Set down exactly the lines in the records below that run from the line with "Obraz premium Cute" to the line with "Oferujemy na sprzedaż", inclusive, and nothing more.

**SOURCE RECORDS**
+ + + + +
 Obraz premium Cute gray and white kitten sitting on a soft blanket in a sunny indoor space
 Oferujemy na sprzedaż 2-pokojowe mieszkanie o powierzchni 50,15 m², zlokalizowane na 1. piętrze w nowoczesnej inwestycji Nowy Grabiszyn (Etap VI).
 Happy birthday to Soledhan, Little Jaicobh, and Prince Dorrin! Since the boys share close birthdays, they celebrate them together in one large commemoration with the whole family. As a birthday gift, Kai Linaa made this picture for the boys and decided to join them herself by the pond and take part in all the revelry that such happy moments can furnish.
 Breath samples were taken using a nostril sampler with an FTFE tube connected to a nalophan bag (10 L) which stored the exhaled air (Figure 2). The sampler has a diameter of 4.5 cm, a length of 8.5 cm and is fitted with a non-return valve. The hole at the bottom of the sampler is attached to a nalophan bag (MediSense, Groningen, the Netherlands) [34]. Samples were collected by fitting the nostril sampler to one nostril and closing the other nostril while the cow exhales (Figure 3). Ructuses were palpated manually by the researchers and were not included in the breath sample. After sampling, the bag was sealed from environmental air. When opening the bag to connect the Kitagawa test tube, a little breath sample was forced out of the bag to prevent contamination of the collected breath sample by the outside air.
+ + + + +
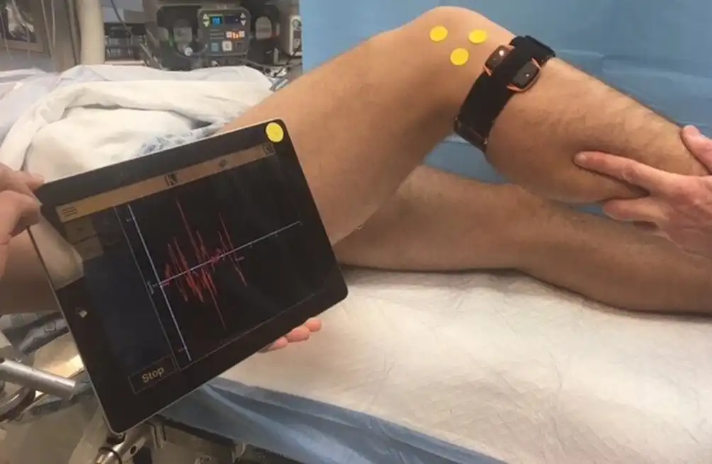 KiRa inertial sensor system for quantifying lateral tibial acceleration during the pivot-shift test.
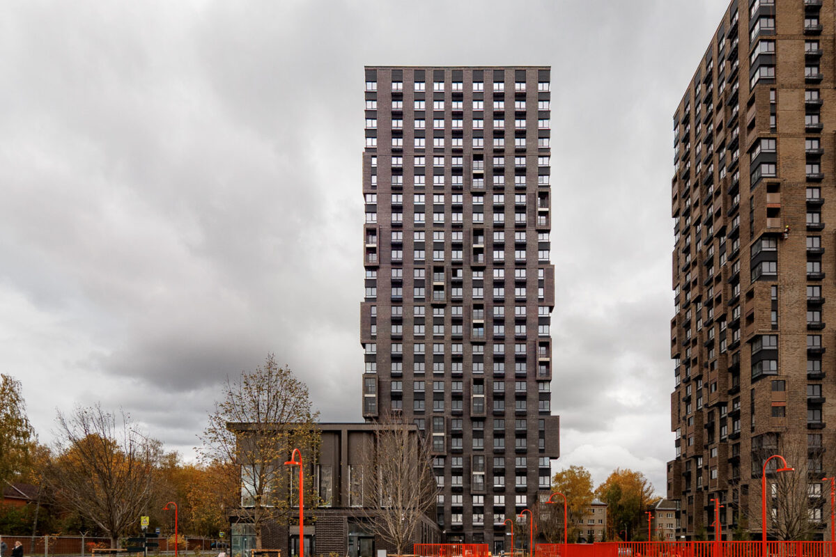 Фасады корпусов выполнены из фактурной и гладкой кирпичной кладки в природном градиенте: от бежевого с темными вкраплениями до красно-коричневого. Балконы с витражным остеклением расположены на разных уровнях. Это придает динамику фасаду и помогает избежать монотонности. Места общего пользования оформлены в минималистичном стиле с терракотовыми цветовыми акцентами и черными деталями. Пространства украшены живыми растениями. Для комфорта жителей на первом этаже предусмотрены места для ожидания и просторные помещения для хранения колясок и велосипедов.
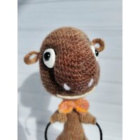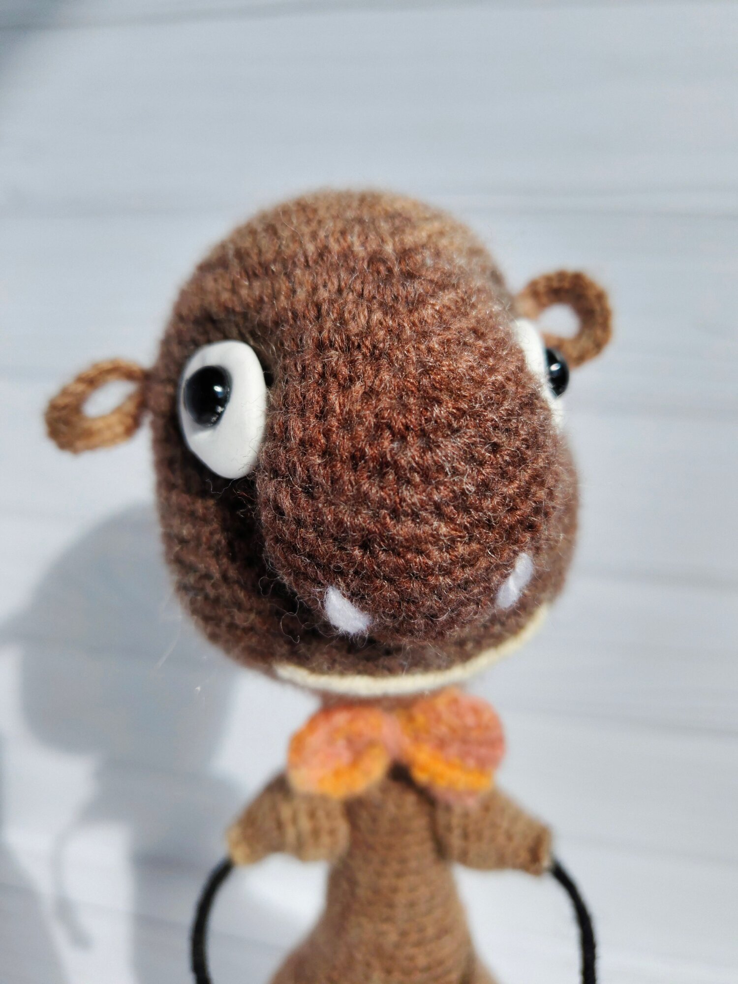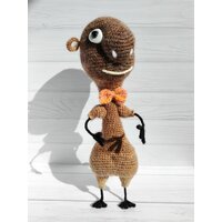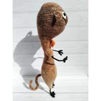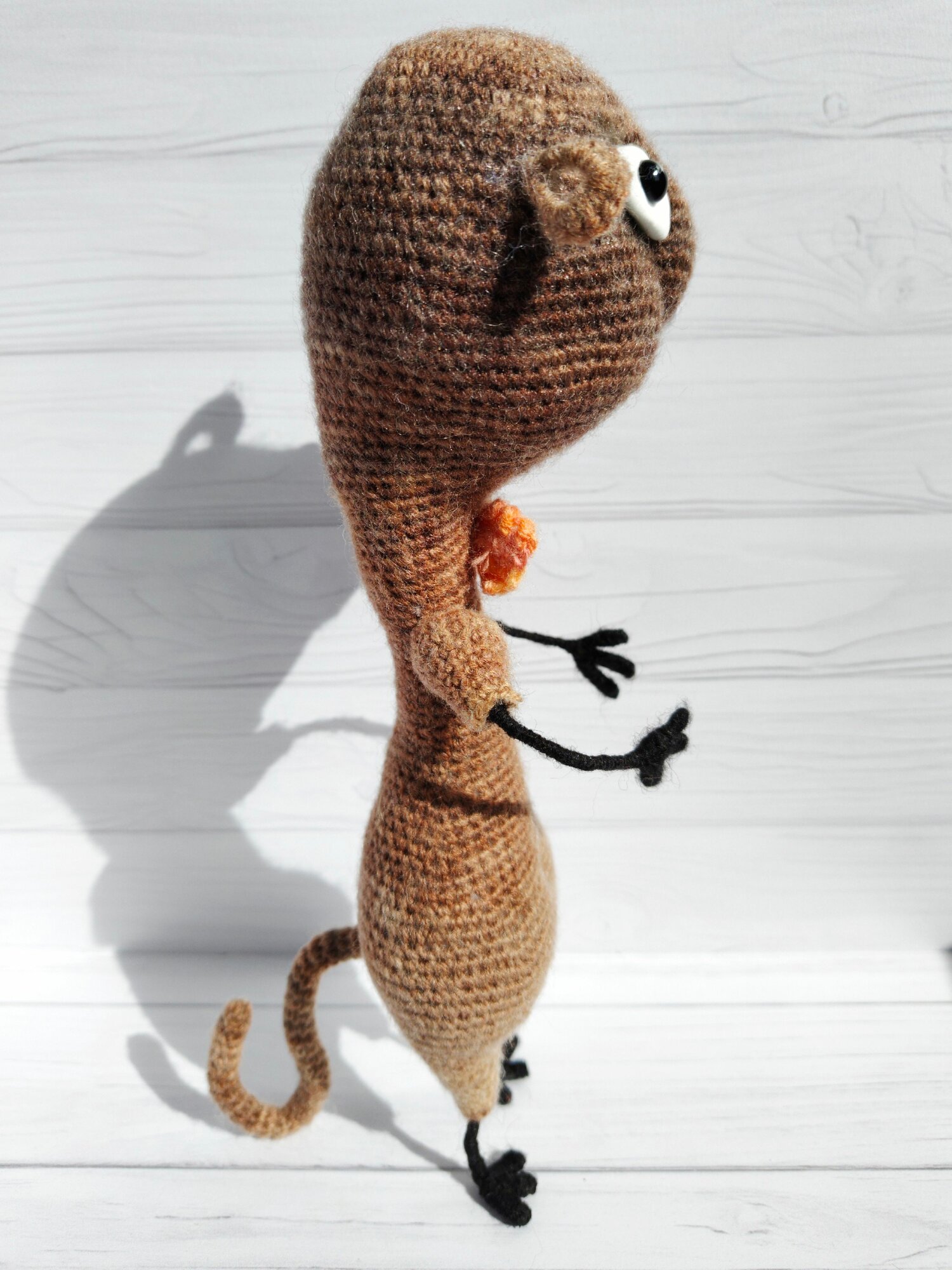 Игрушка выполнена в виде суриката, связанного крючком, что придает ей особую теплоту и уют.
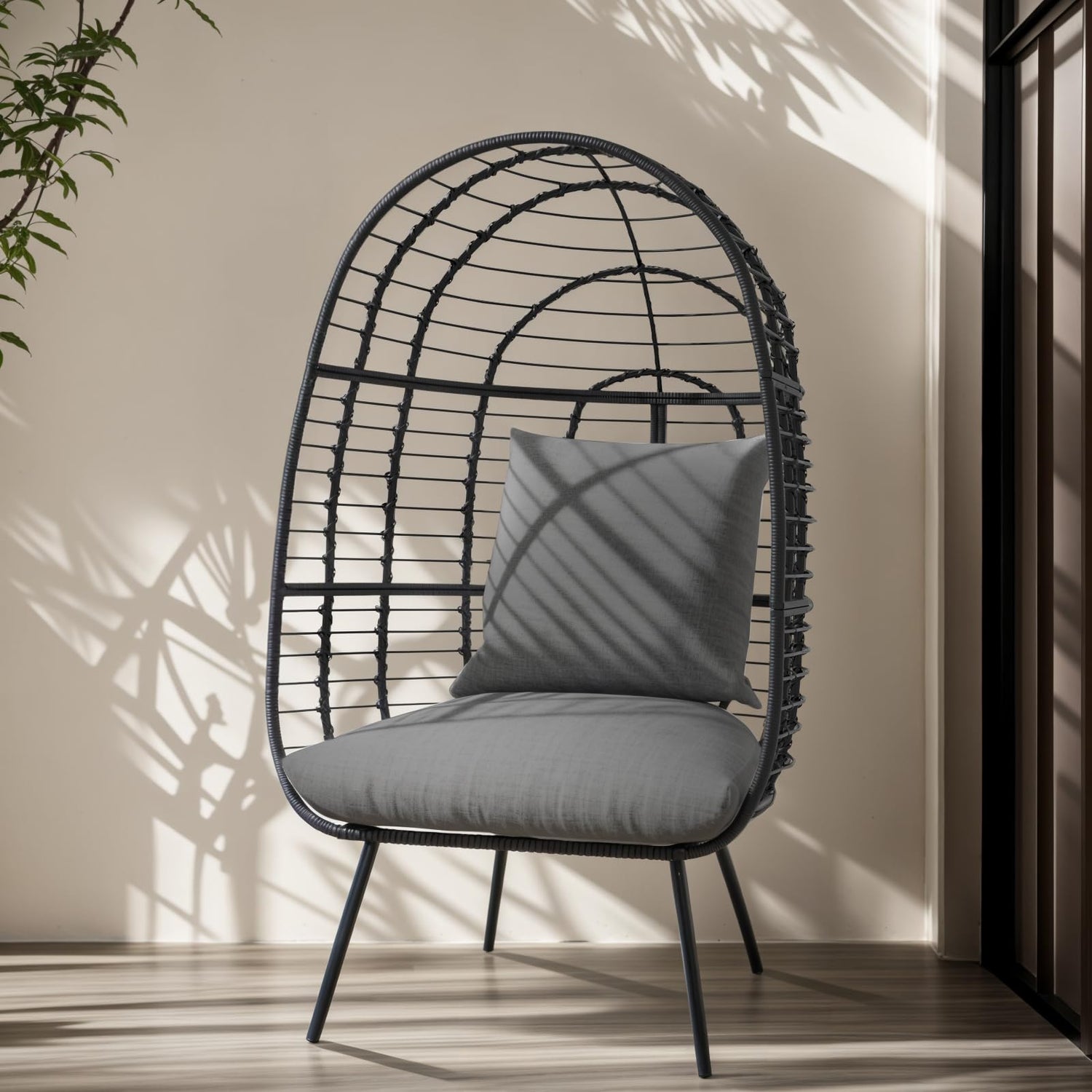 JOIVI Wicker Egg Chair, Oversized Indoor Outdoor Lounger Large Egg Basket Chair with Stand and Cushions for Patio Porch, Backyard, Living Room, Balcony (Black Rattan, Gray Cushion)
+ + + + +
**YOUR SOLUTION**
 Obraz premium Cute gray and white kitten sitting on a soft blanket in a sunny indoor space
 Oferujemy na sprzedaż 2-pokojowe mieszkanie o powierzchni 50,15 m², zlokalizowane na 1. piętrze w nowoczesnej inwestycji Nowy Grabiszyn (Etap VI).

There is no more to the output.